Work item: Hand back every line from the beginning of the data below through the line containing "OpenSea kaydınız gerçekleştikten", word for word and free of pictures.

Dataset excerpts: Begin

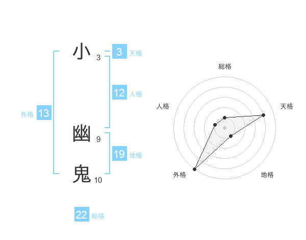 小 幽鬼さんの総格は22画の1点!
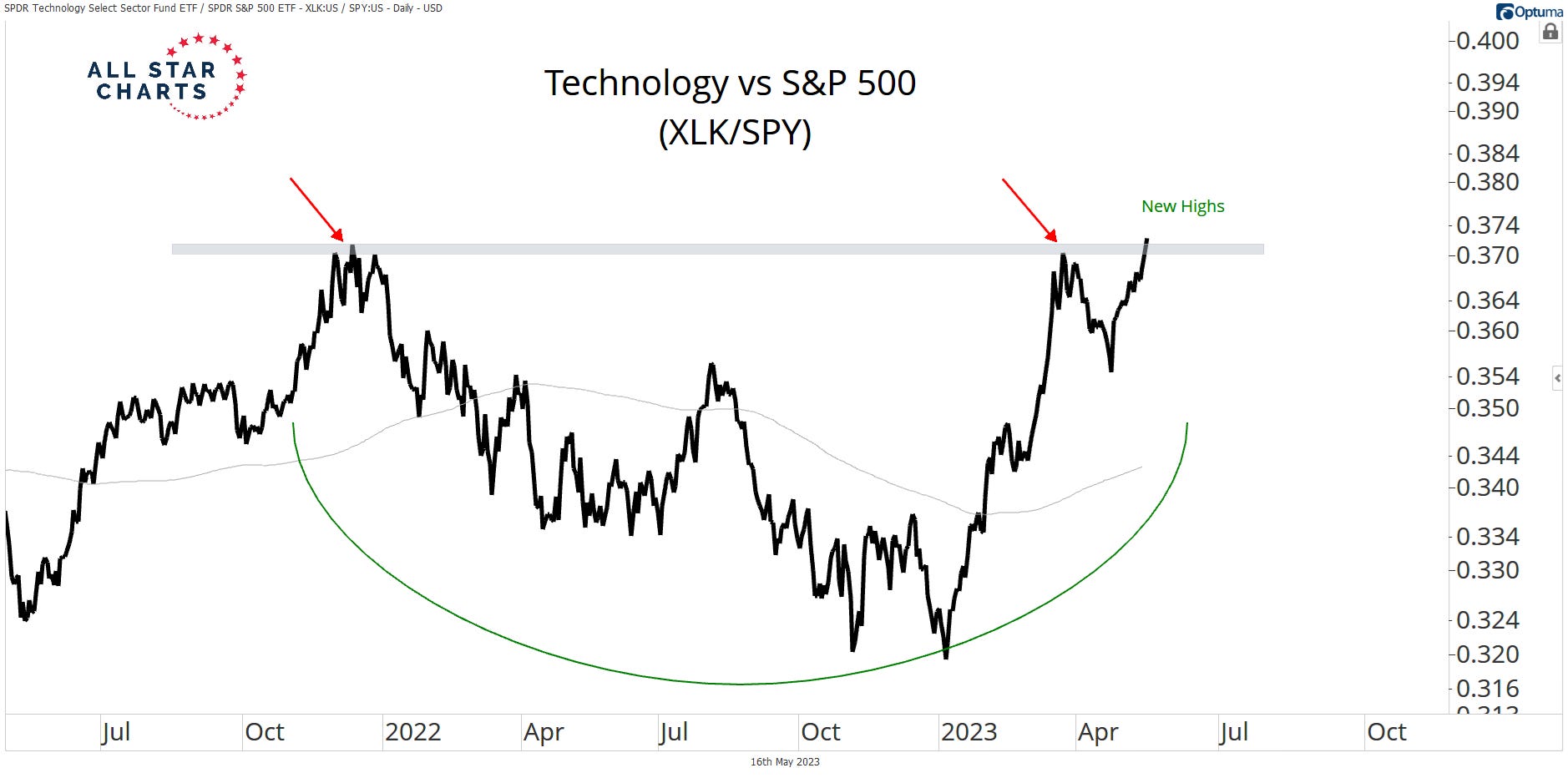 Technology has been a clear area of leadership over the past six months. Not only are tech stocks pushing against new highs in absolute terms, but the relative trends are reaching new heights as well.
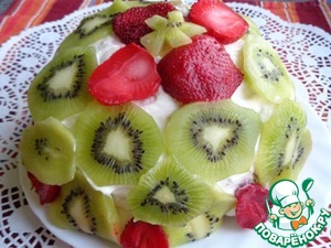 Коржи соединить. Промазать со всех сторон кремом. Оформить, на Ваше усмотрение, клубникой и киви.
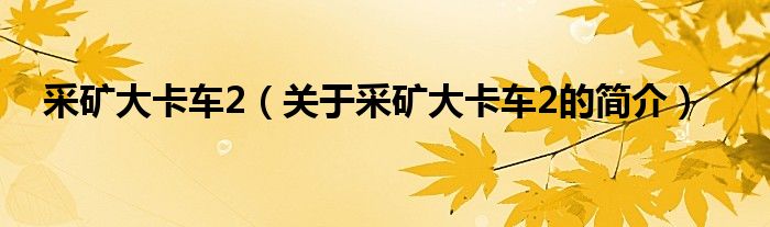 本文關(guān)于采礦大卡車2的簡介就講解完畢,希望對大家有所幫助。
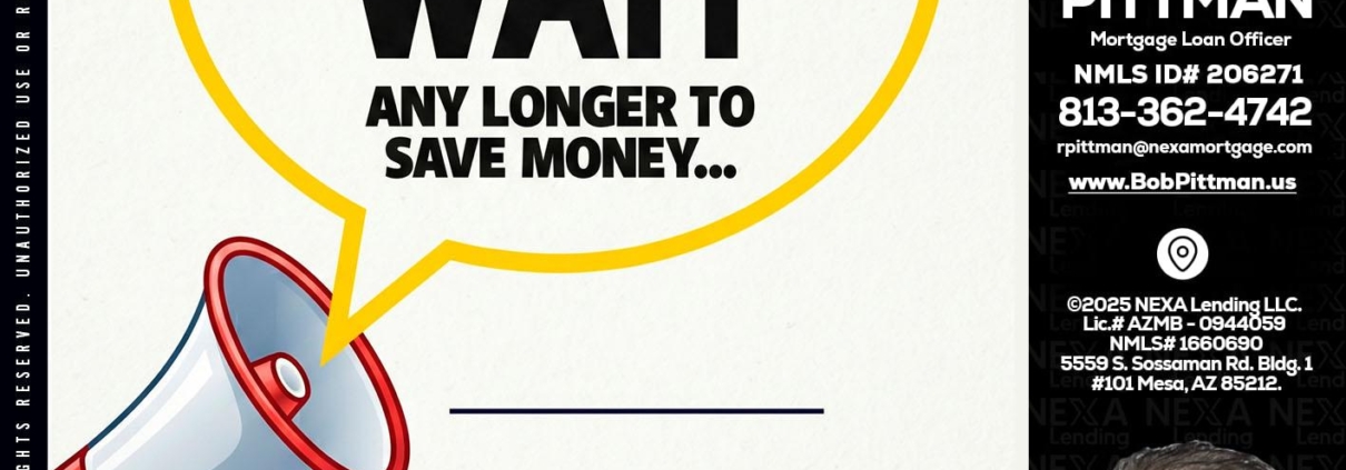 Hi, my name is Bob Pittman. I’m a Loan Officer with NEXA Lending LLC., offering personalized mortgage solutions, fast customized quotes, great rates and service with integrity.
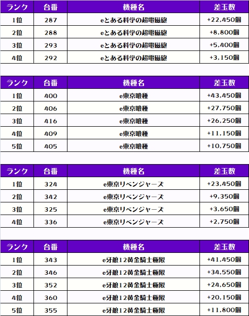 そして、ワシが注目した機種の差玉数ランキングを見てもらおう🥴
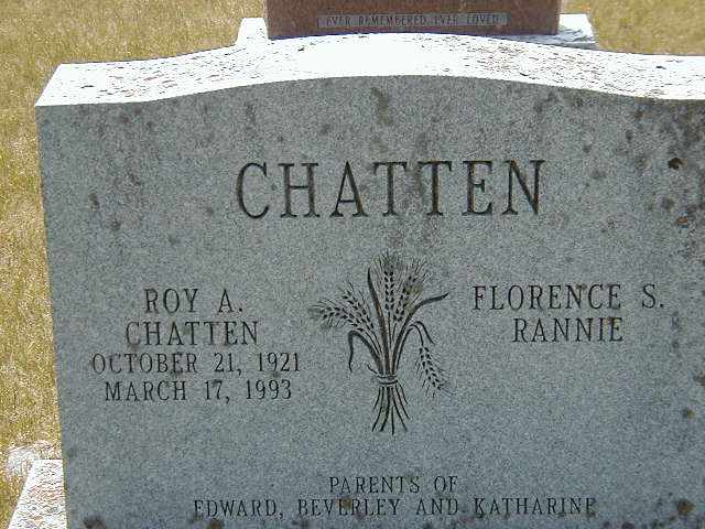 CEMSearch: Name: Roy A. Chatten; Born: 1921-10-21;; Died: 1993-03-17; Notes: Husband of Florence S. Rannie, father of Edward, Beverly and Katharine; Buried: Salem Cemetery, Sec SW; Other name: Florence S. Chatten (Rannie)
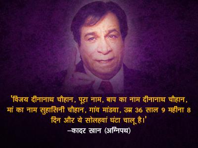 'विजय दीनानाथ चौहान, पूरा नाम, बाप का नाम दीनानाथ चौहान, मां का नाम सुहासिनी चौहान, गांव मांडवा, उम्र 36 साल 9 महीना 8 दिन और ये सोलहवां घंटा चालू है।' -कादर खान (अग्निपथ)
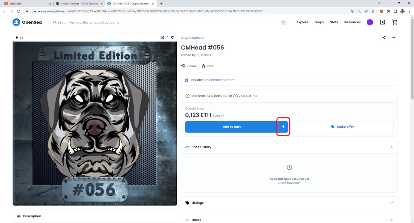 OpenSea kaydınız gerçekleştikten sonra tekrardan CMHead #056 veya sizin seçmiş olduğunuz bir numaranın ekranında olacaksınız. Farenizin imlecini şimşek butonun üzerine götürdüğünüzde “Buy Now” a dönüştüğünü göreceksiniz. Buna tıklayarak devam ediniz.
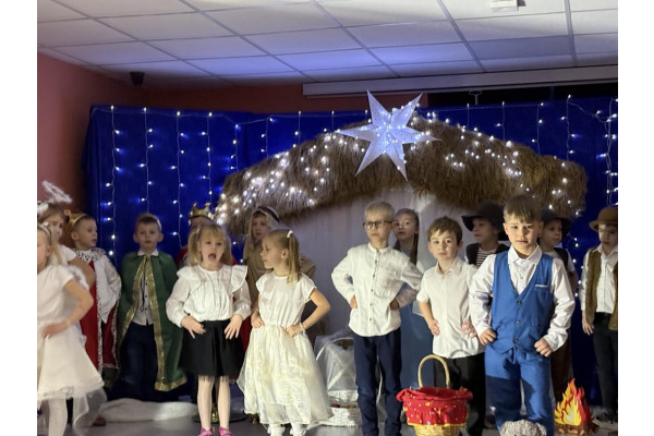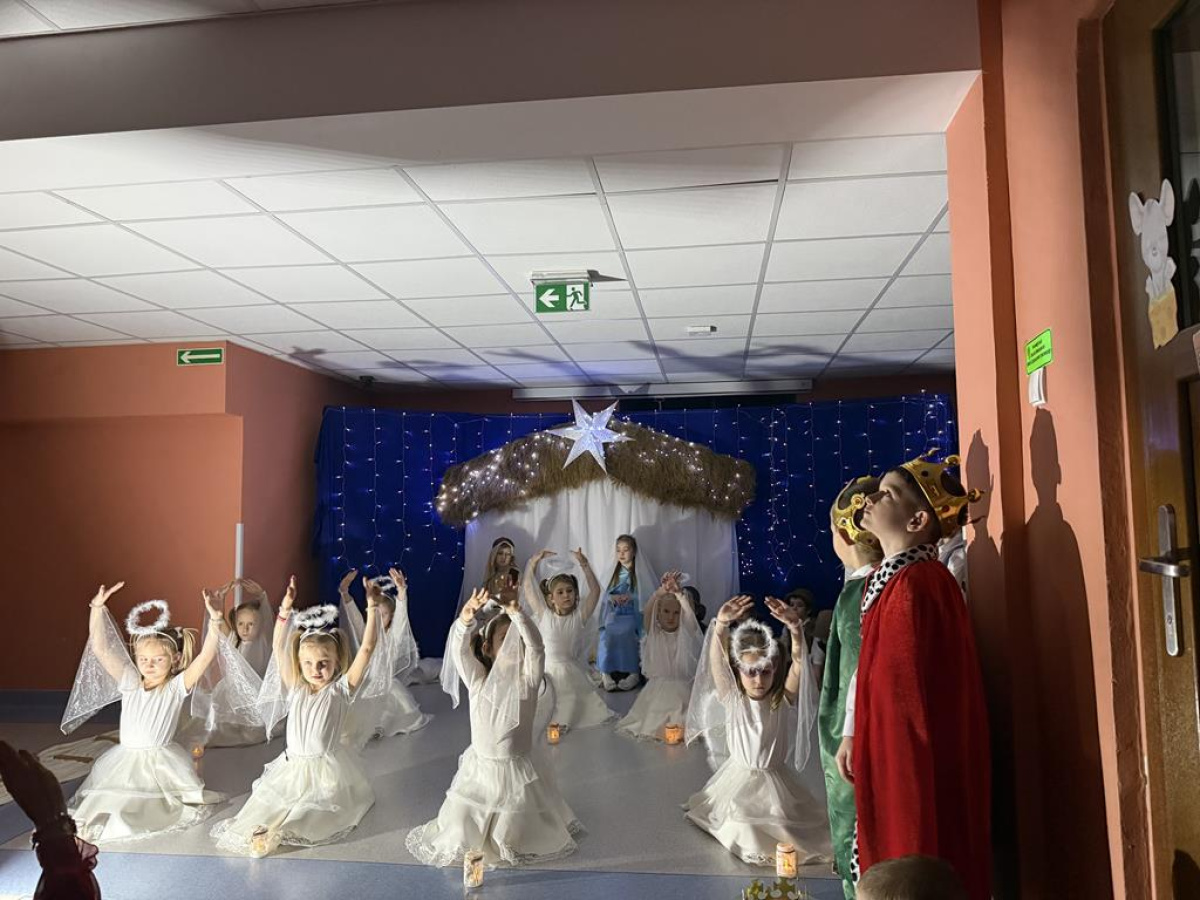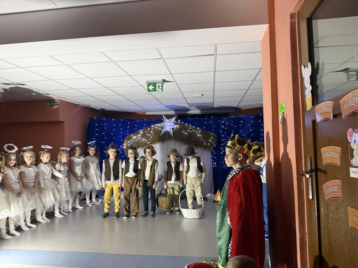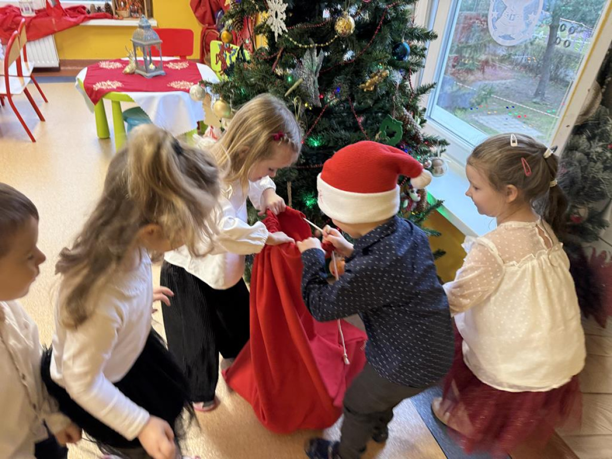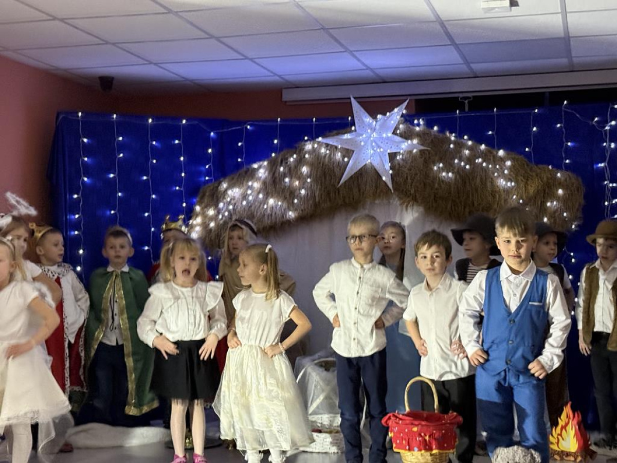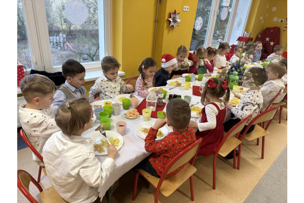 17 stycznia w przedszkolu odbyła się Wigilia przedszkolna. Tygryski ubrane odświętnie obejrzały piękne Jasełka w wykonaniu dzieci z grupy Świetliki. Kiedy wróciliśmy do sali okazało się, że Gwiazdor już w niej był i zostawił pod choinką prezenty dla dzieci. Przyszedł też czas na wspólne śpiewanie kolęd oraz przypomnienie sobie kolejnej tradycji - dzielenia się opłatkiem i składania życzeń na Święta. Po złożeniu sobie życzeń dzieci zasiadły do uroczystego obiadu wigilijnego. To był wyjątkowy dzień pełen radości i prawdziwie świątecznej atmosfery.

Dataset excerpts: End

Answer to this task:
 小 幽鬼さんの総格は22画の1点!
 Technology has been a clear area of leadership over the past six months. Not only are tech stocks pushing against new highs in absolute terms, but the relative trends are reaching new heights as well.
 Коржи соединить. Промазать со всех сторон кремом. Оформить, на Ваше усмотрение, клубникой и киви.
 本文關(guān)于采礦大卡車2的簡介就講解完畢,希望對大家有所幫助。
 Hi, my name is Bob Pittman. I’m a Loan Officer with NEXA Lending LLC., offering personalized mortgage solutions, fast customized quotes, great rates and service with integrity.
 そして、ワシが注目した機種の差玉数ランキングを見てもらおう🥴
 CEMSearch: Name: Roy A. Chatten; Born: 1921-10-21;; Died: 1993-03-17; Notes: Husband of Florence S. Rannie, father of Edward, Beverly and Katharine; Buried: Salem Cemetery, Sec SW; Other name: Florence S. Chatten (Rannie)
 'विजय दीनानाथ चौहान, पूरा नाम, बाप का नाम दीनानाथ चौहान, मां का नाम सुहासिनी चौहान, गांव मांडवा, उम्र 36 साल 9 महीना 8 दिन और ये सोलहवां घंटा चालू है।' -कादर खान (अग्निपथ)
 OpenSea kaydınız gerçekleştikten sonra tekrardan CMHead #056 veya sizin seçmiş olduğunuz bir numaranın ekranında olacaksınız. Farenizin imlecini şimşek butonun üzerine götürdüğünüzde “Buy Now” a dönüştüğünü göreceksiniz. Buna tıklayarak devam ediniz.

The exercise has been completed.